No….I’m not the prime minister reading out his speech on the Red Fort at 8:30 in the morning I Day…n even if they did make me the PM one day…nothing can get me out of my bed that early…and that too on a holiday. So without caring what Mr Manmohan Singh had to say about the recent terrorist attacks in Mumbai and the about water crisis my bathroom…I was only concerned about how I would beat bittu at kite flying today.
(note1: bittu is my neighbor’s son who is half my height….n just over half my age but still comes out as the winner in kite flying every Iday)
Now kite flying is an age old tradition in our family…with my dad n most of my uncles being a rather good at it…. it was a thing that I was just expected to inherit…but fate had other ideas…..my tryst with this harmless looking piece of paper started when I used to visit my cousion at Iday…he was the James Bond of this world in those days…with his large black kite creating mayhem across the sky. It appeared like a big wild shark gulping up small n helpless fish….as the other pink...green…red ones ran for cover at the 1st sight of this black monster. Yeah….my bro was a master…n he would be on the terrace that entire day with his shades on and his music system playing Daler Menhdi…n other popular Punjabi numbers at full volume. My job was to hold the charkhi properly as he went about his merry business of spreading terror.
(note 2: for those of u coming from Pluto…i don know the eng for charkhi….all I can say it’s a wooden thing on which the razor sharp thread is wrapped around)
And while trying to keep the charkhi at an optimum angle so that he got an uninterrupted supply of thread…I used to think that I was also flying a kite(hey…I was just a kid then)

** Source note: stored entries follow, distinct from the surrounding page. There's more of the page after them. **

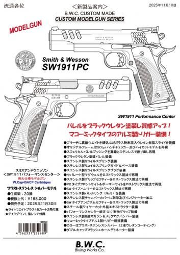 ご予約承り中。 BWC S&W SW1911PC ブラストステンレス シルバーモデル モデルガン
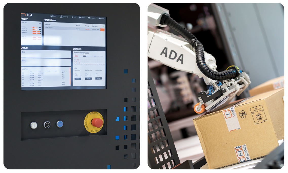 Terwijl een doos naar de machine wordt getransporteerd, wordt deze gescand om te bepalen welke documenten (pakbon, verzendgegevens, enz.) moeten worden afgedrukt en gebufferd. De ADA-machine begint direct met het afdrukken van vooraf gegenereerde verzendbonnen. Meerdere pagina's worden handig gevouwen. Een robotarm neemt de gestapelde documenten en snijdt de documentfolie in één beweging af. De ADA-machine plakt de set documenten op een van de voorgeprogrammeerde posities – aan de zijkant of bovenkant van de doos – afhankelijk van het doostype. De ADA zorgt er altijd voor dat de documenten duidelijk zichtbaar en gemakkelijk toegankelijk zijn aan de buitenkant van de doos.
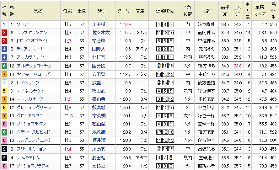 開幕週でもそこまで速い馬場ではなかったが、結果は1分18秒9のコースレコード決着。前半33秒1─後半34秒5。前半33秒1は昨年の京都開催を含めた過去10年で最も速い。外を回して差し切るには厳しい展開。掲示板に載った5頭は、位置取りは別にして、いずれも内枠で道中も内めを立ち回った馬が占めた。勝ったソンシは骨折のため約1年ぶりの実戦。プラス14㎏でやや余裕残しに映る体つき。それでもレースでは好位のインでがっちり。速い流れで折り合いもついていた。直線に向いてスムーズに前を行く2頭の外に出せたし、終わってみれば後続に3馬身半差の圧勝。きっちりと人気に応えた。「何度もレースを使おうとして諦めてというのを繰り返しながら、久しぶりに競馬を走ってこれだけの内容で走れたのは本当にびっくりで頭の下がる思いです。これからも競馬場に無事に来られれば」と川田騎手。
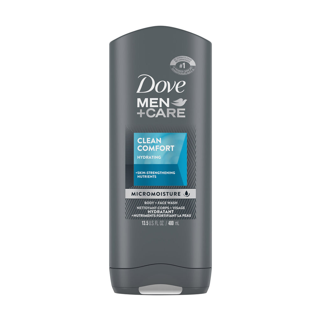 Dove MenplusCare Clean Comfort face and body wash is made with plant-based cleansers and skin-strengthening nutrients for healthier, smoother skin.
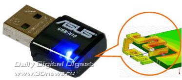 В этом случае придётся докупать внешний Wi-Fi-адаптер стандарта 802.11n с интерфейсом USB, а на маленьких 10-11-дюймовых моделях любое внешнее устройство в лучшем случае просто вызывает раздражение, а в худшем мешает комфортной работе. Решением данной проблемы может стать новый, работающий в стандарте 802.11n, Wi-Fi-адаптер компании ASUSTeK Computer Inc. Производитель заверяет, что в своём классе ASUS USB-N10 является самым компактным в мире. Благодаря тому, что из USB-порта это устройство выступает всего на 16 мм, его можно вообще не вынимать из ноутбука при транспортировке, во всяком случае, так уверяет на своём официальном сайте ASUS. Соответственно, о дискомфорте, возникающем при работе новинки даже с самым маленьким нетбуком, точно можно забыть.
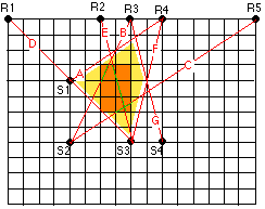 c) la zone où peut se trouver la perturbation est en jaune puisqu'elle n'affecte que les rais B, C et E et non les autres rais qui doivent donc se trouver en dehors de la zone. En orange la zone rectangulaire la plus probable. d) la zone perturbée présente donc des vitesses trop lentes puisque le retard est postif (l'onde sismique met plus de temps à se propager). e) détermination graphique (voir tableau ci-dessus). f) dv = -0,8 km.s-1 g) les zones chaudes correspondant à un ralentissement des ondes sismiques, nous sommes en présence d'une zone chaude si la perturbation de la vitesse n'est due qu'à une différence de température, si les trajets sont rectilignes (si le milieu est homogène pour tous les autres paramètres que la température)... etc. |

I thought that kite flying was a team sport n we both were like Leander n Mahesh.
But as time went on….my bro got into some more series stuff like…making a career…getting married….and I finally realized that I was just a ball boy…n not a team member…but still we had some real good times…and ended the day being tanned to the extent that we looked like the members of the Nigerian ice skating club….and with about 20 cuts on our fingers.
And this time….even with my bro not being there…I’d pledged to win my family’s name back…in what was once considered the sport of the kings. I’d got this extra sharp Bandar chaap maanja.... which according to the guy selling it ..could even cut through steel…

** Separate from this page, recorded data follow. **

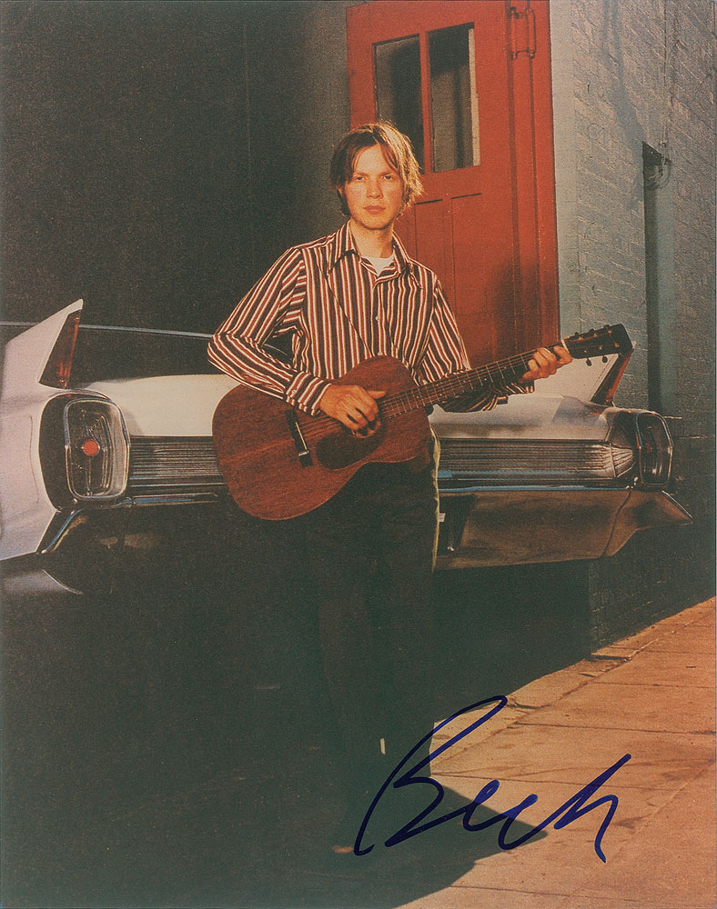 Color glossy 8 x 10 photo of Beck posing with an acoustic guitar at the rear of a classic car, signed in blue felt tip, "Beck." In fine condition. From The John Brennan In-person Autograph Collection.
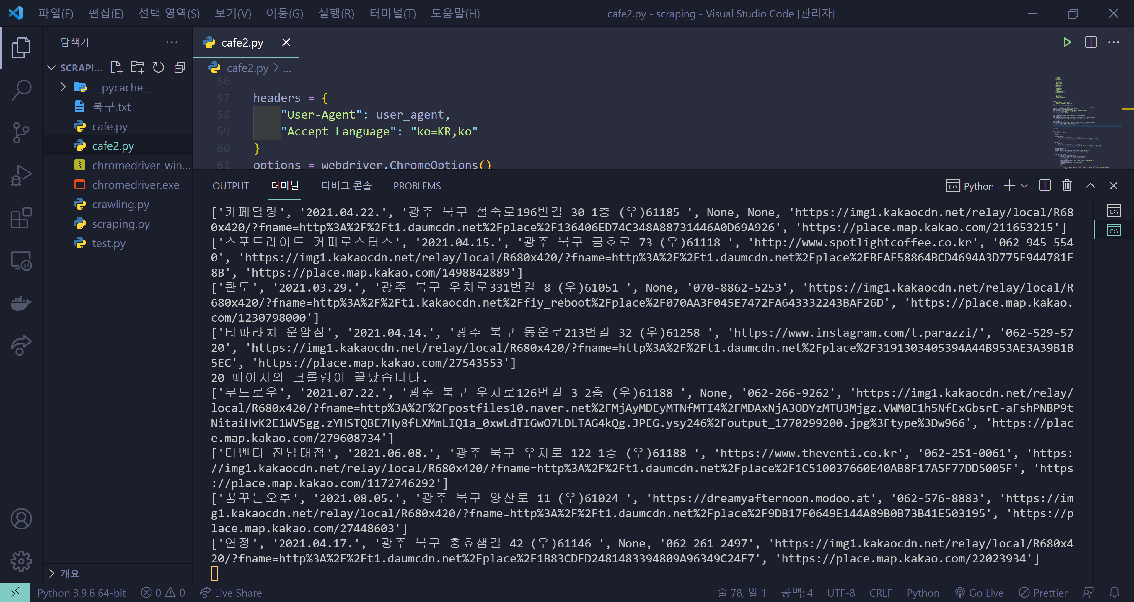 카페 이름, 주소, 전화번호, 이미지 등을 가지고 오는 스크래핑을 셀레니움(Selenium)을 통해 진행하고 있었다.
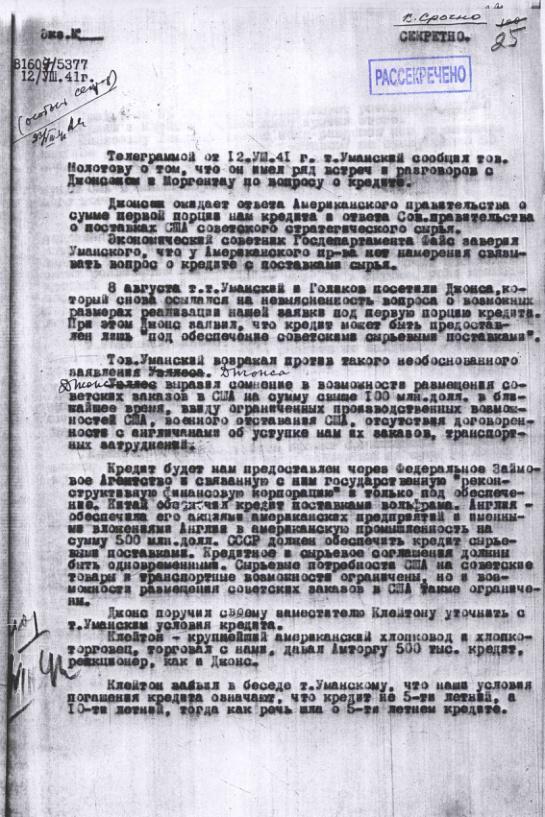 Сообщение о переговорах и возможности получения кредита в США. 12 августа 1941 г.
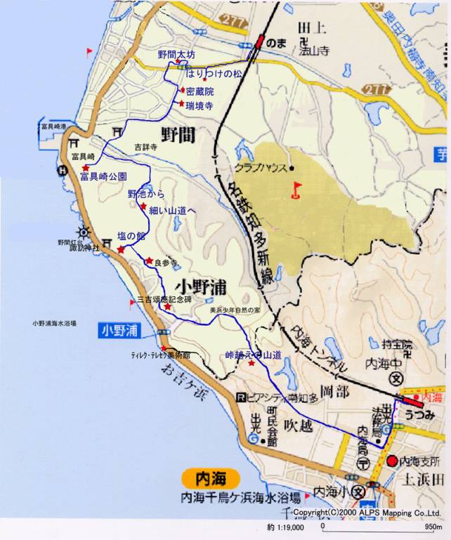 | あちこちぶらりの一言 途中休憩を入れ、写真を撮りながら、2時間半ほど歩きましたが、あらためて知多半島の広さを実感する感慨深い1日となりました。 なお、美浜町には名鉄河和口駅と南知多ビーチランド・名鉄知多奥田を結ぶ全周約11km、徒歩で約2時間30分の「オレンジラインハイキングコース」があります。 今回は自然がまだ残る南知多になりましたが、次回は常滑、知多方向で散策したいと考えております。ルート、見所などの皆様のご紹介をお待ちしますので、よろしくお願いします。 |
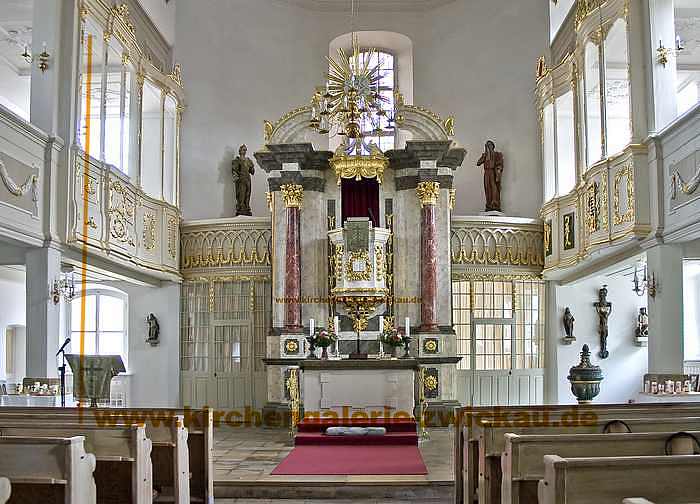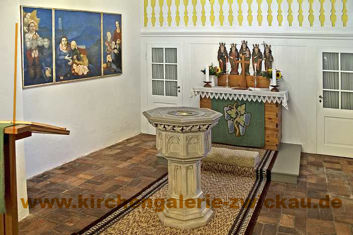Das Alter der Kire iſt ungewiß. Die erſte Kapee könnte 1120 als Wehrkire erbaut worden ſein. Der Triumphbogen iſt no aus romanier Zeit. 1429 wurde die Kire dur die Huſſiten zerſtört und 1432 wieder aufgebaut. Das Holz des Dabodens wird mit 1429 datiert. 1432 erhielt die Kire au 2 Gloen, eine davon zerſprang im Jahre 1867 und wurde neu gegoen, die neue Gloe wurde im 1. Weltkrieg eingemolzen, einen neue Gloe wurde im 2. Weltkrieg eingemolzen. Bis 1900 war der Friedhof um die Kire herum, dann wurde er an den heutigen Pla verlegt.
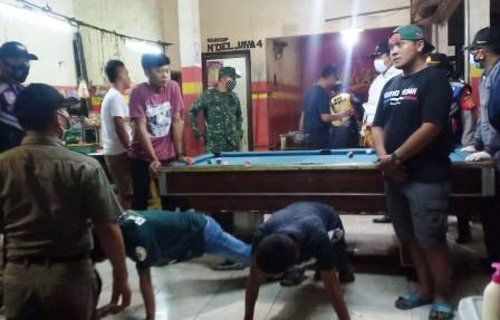 Selama razia berlangsung, petugas memergoki beberapa pengunjung warung kopi yang kedapatan tak menggunakan masker. Tak tanggung-tanggung, pemuda itupun langsung diberikan sanksi berupa push up.
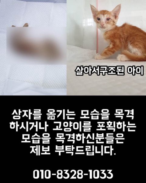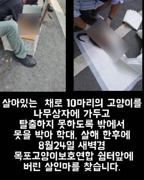 이 잔인한 놈을 잡을 수 있도록 여러분이 도와주세요. 8월 24일(월) 새벽 3시부터 새벽 6시 30분 경에 목포고양이보호연합 쉼터 앞에 이 상자를 버린 모습을 목격하신 분들의 제보 부탁드립니다.

so as far as mr bittu was concerned …it was payback time….n I was hoping that the wind was real strong today…coz if that doesn’t happens…my kite…..with a supersonic jet figure on it…wont be getting off the runway.
In other unrelated and unimportant news….i just watched kank. Now like everyone..i was eagerly waiting for this movie…n for the 1st time in many years…had got my tickets reserved in advance….The movie was ok-types…a bit too emotional and heavy for me…but with an interesting story line…about extra-marital affairs…rani mukharji bursting into tears almost every 5 minutes….and then the break ups in the end…But as for me…the only things that ends up breaking when with a girl ..is usually my head…and this movie was going over my head most of the times… in the end left me confused about who among the four characters did the wrong thing
And can someone please help me in my protest to ban two things in a theatre…cell phones…n babies….Its becoming a routine affair these days…you in the middle of this edge on the seat movie..trying to figure out…vijay ke baap ka kaatil kaun hai…aur bindu ke pait main pal raha bachha kiska hai…And suddenly the cellphone of the fat guy sitting next to you starts ringing with the tone….”aahiq banayaa” ..for the next 10 min you trying to find out why didn mr Bhatia send the payment on time…seriously some people lack the basic common sense.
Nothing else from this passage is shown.